The first phase would involve galvanising the public and private sector into the required mode employing Public Private Partnerships (PPPs) based on a Master Plan. The second phase would be the rehabilitation of existing infrastructure such as the expansion of our ports, airports for cargo handling and expanding on factory space. The third phase would be the creation of a unique brand through aggressive marketing and the establishment of top-quality value-added services such as assembly, packing and kitting.

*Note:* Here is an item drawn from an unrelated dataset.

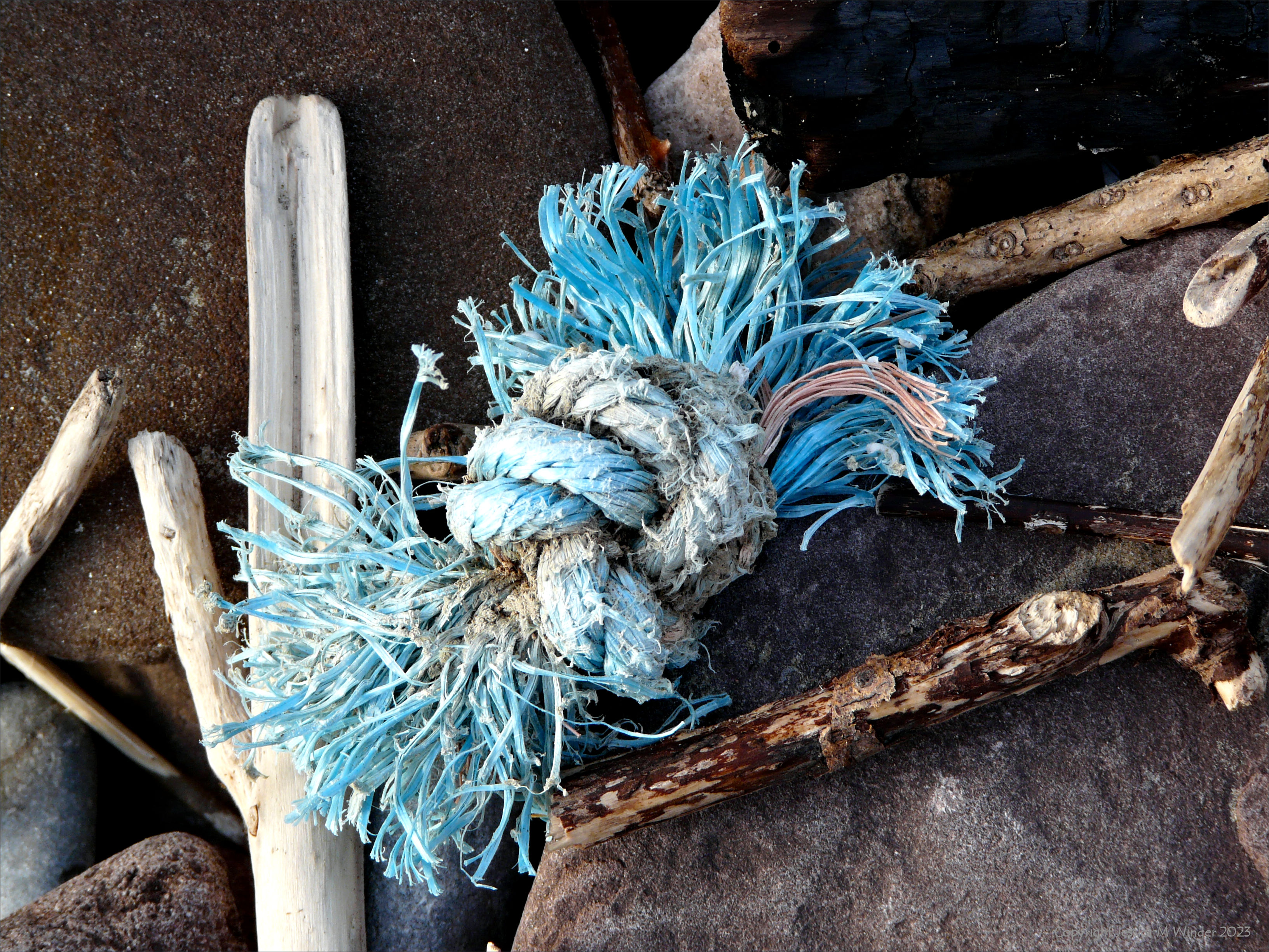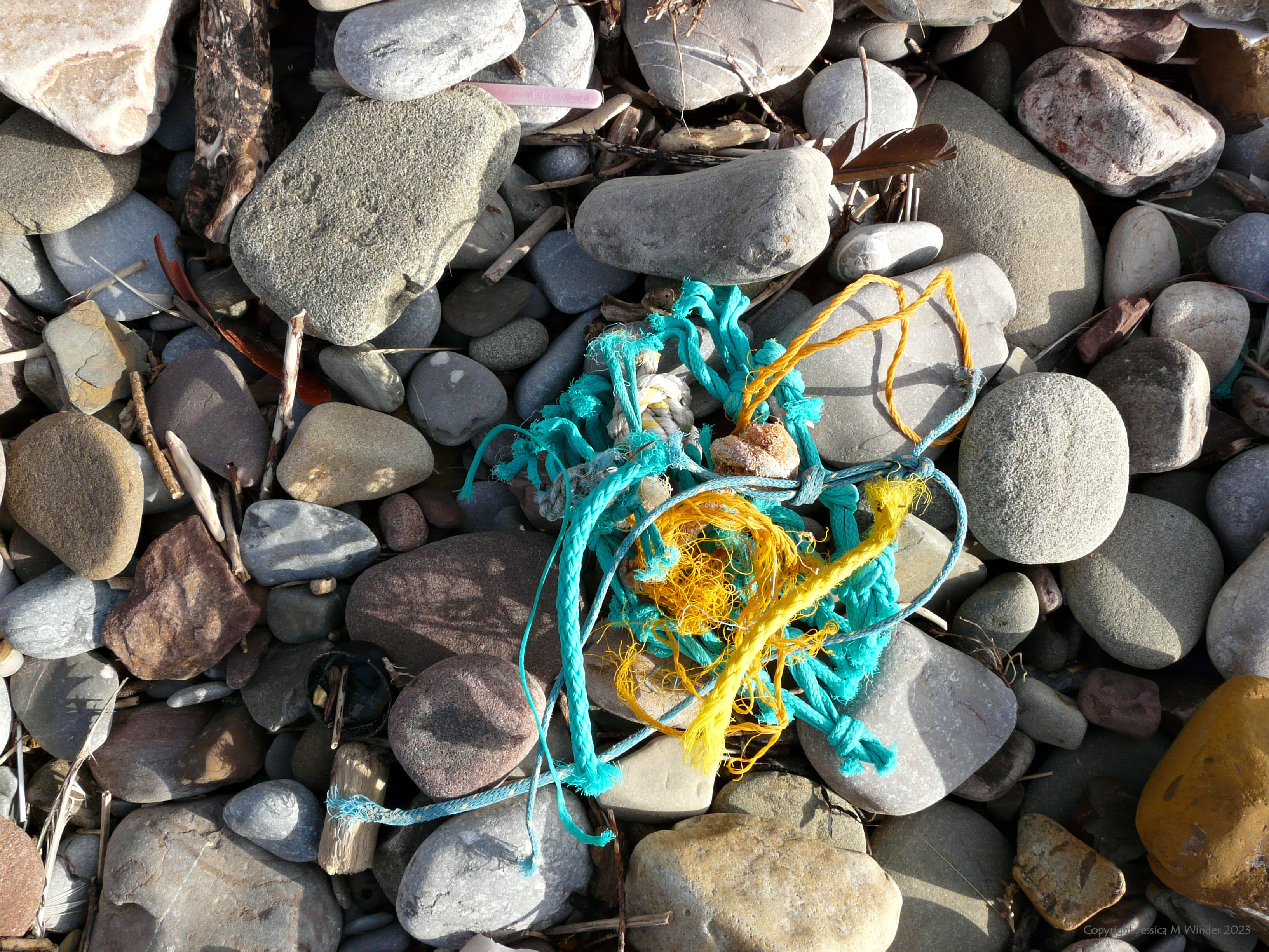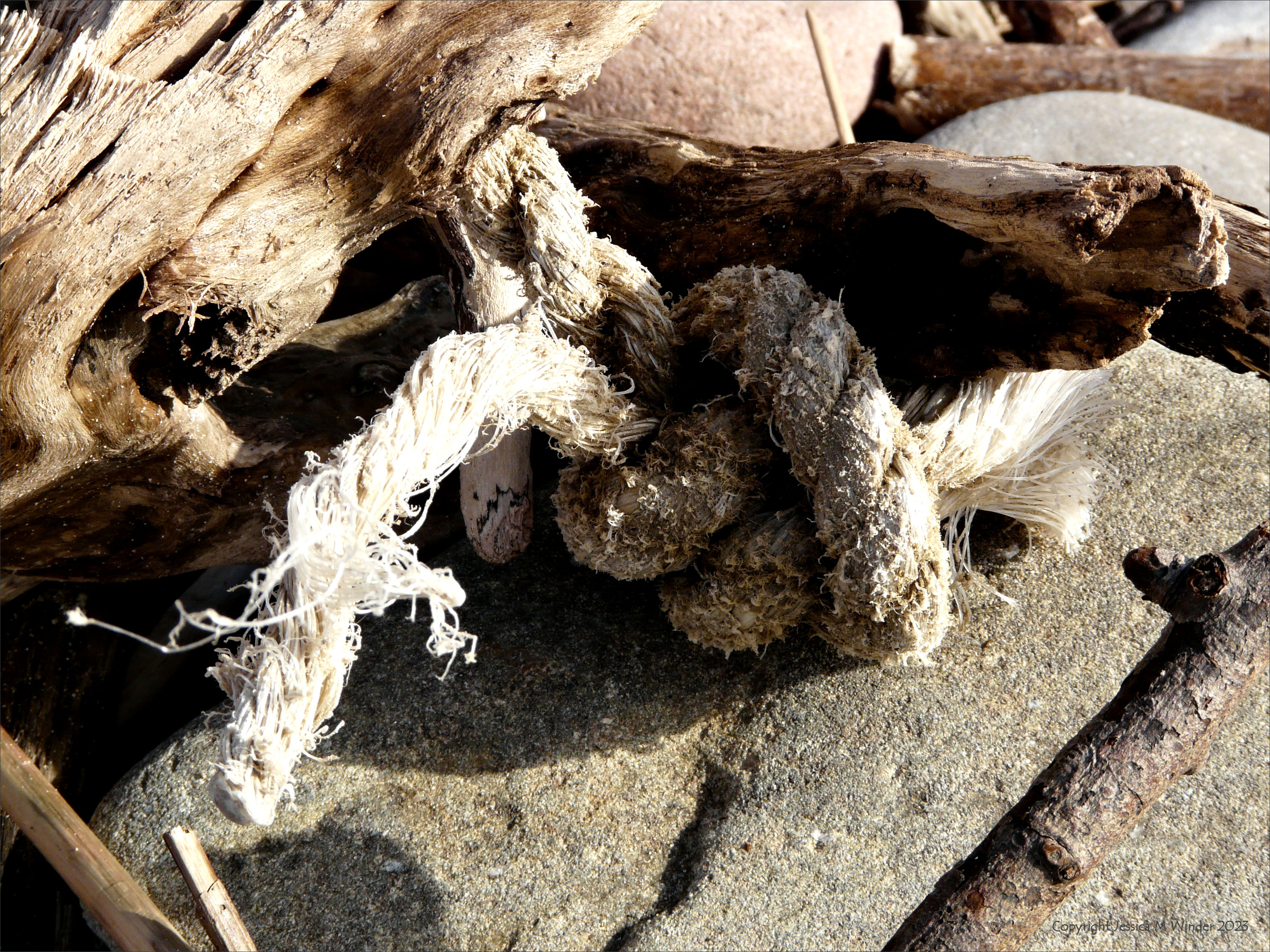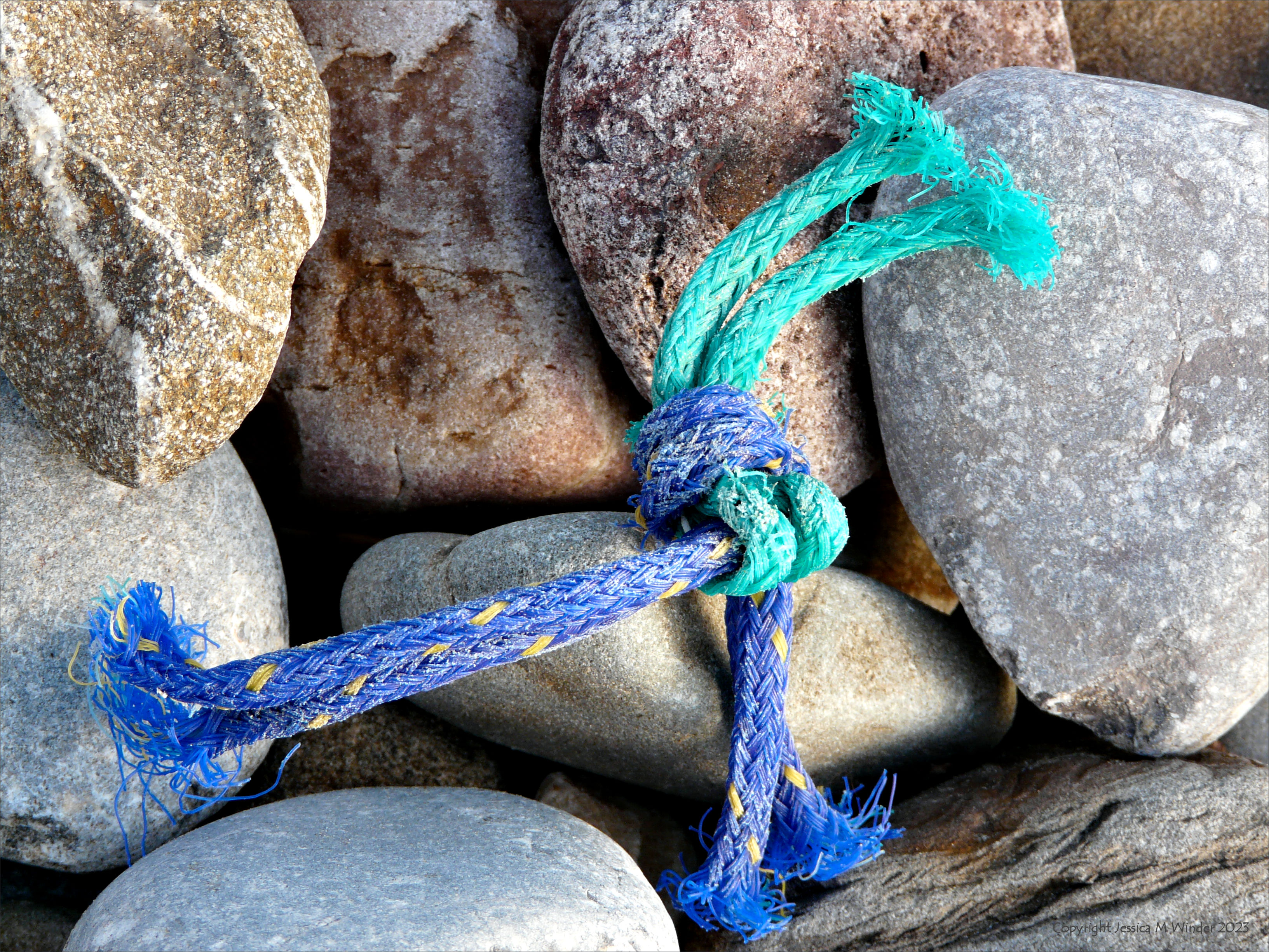 Flotsam Textures 21-43 Pieces of coloured knotted rope found washed up on beach pebbles observed during a single walk back in 2011.

To me, one bugbear in the system would be the lack of joined-up governance, that is, various powerful ministers with bloated egos going off on individual, exploratory adventures which would tend the undermine this 'tectonic shift' in Jamaica's overall development. This calls for strong leadership from prime minister, Portia Simpson Miller.

The other would be the lack of an educated workforce to tap into the huge employment opportunities that will certainly open up.

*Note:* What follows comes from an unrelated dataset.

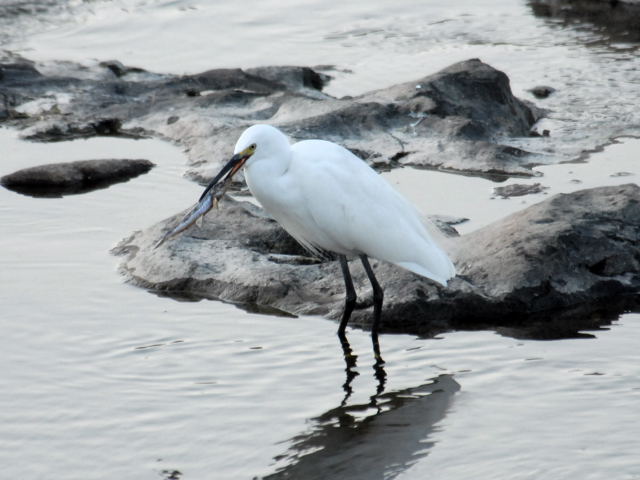 コサギが大きな魚を取りました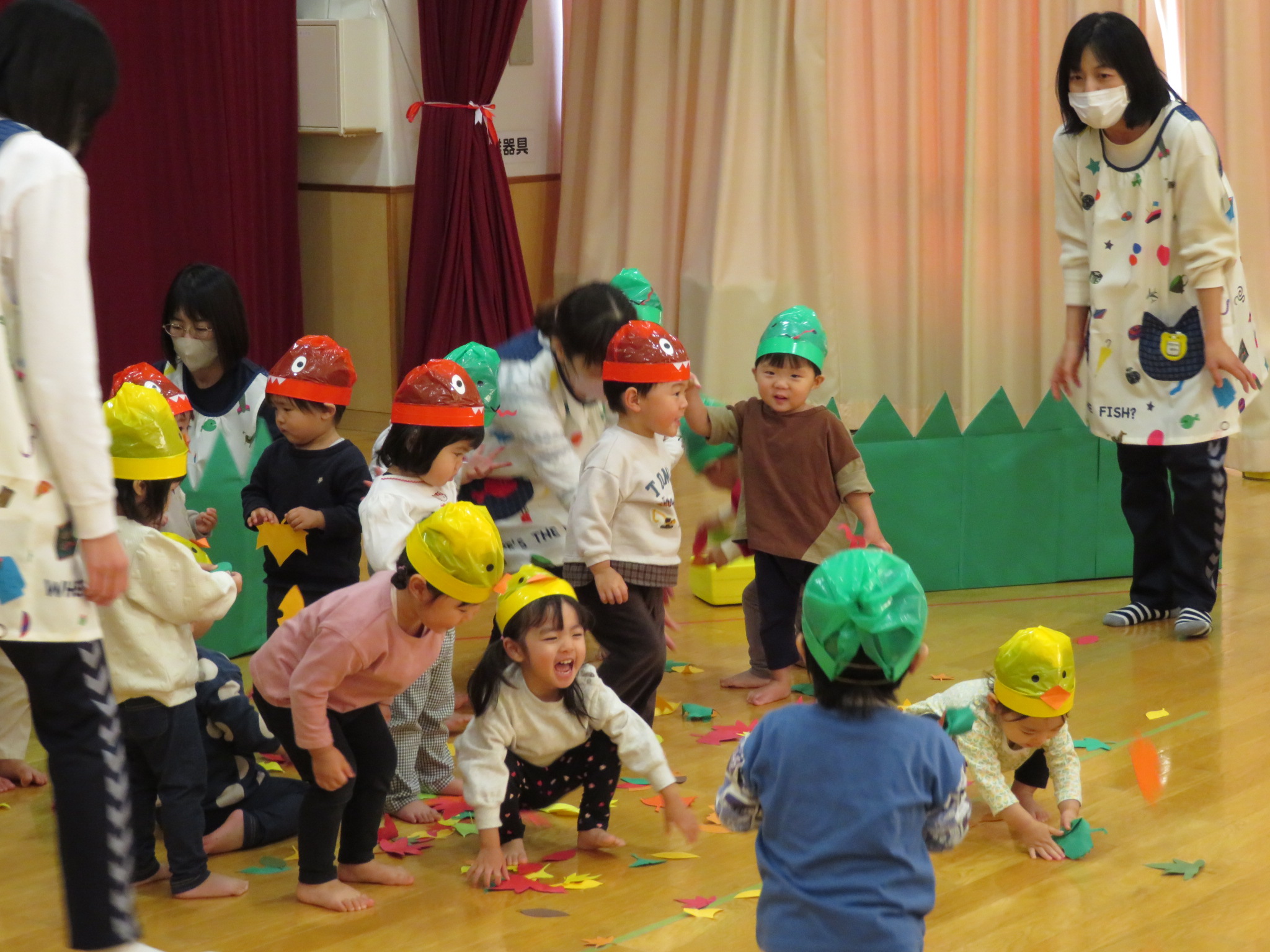 みんなで落ち葉を降らせたり、葉っぱオバケと追いかけっこをして楽しみました。

There are three main logistics nodes existing now -- Singapore, Rotterdam and Dubai. Where Singapore and Rotterdam had made adequate preparation in terms of broad education and training its population, with Dubai it was significantly different, in that 70% of the personnel working at the Dubai Hub are foreigners.

We cannot afford for this to happen to us.

With the expansion of the Panama Canal set for 2015, we need to begin now. It is pretty much accepted that the brightest and the best of our high school students tend to study law and medicine at university level. I believe that this is so for mainly two reasons.

The first is the fear of mathematics due to the awful teaching of it in our primary and high schools.

The second is, there are many examples of doctors and lawyers living a good life and getting respect in the society, while the achievements of engineers, scientists, urban planners, architects and other technical personnel tend to be overlooked by the youngsters in high schools. Added to that is the reality that our best graduates in technical areas tend to emigrate after a few years of frustration in finding livable, payable employment.

The Jamaican Logistics Hub must be seen as tied in to the work of Minister Paulwell in reducing the use of expensive fossil fuels in our electricity generation. It must also be tied into the education ministry gaining a new appreciation for the demand for technical education for our youngsters.

More importantly, both political parties represented in Parliament need to maintain their convergence of goals on this 'tectonic shift' in Jamaica's development, as there can be no guarantee that the PNP will hold power in 2016.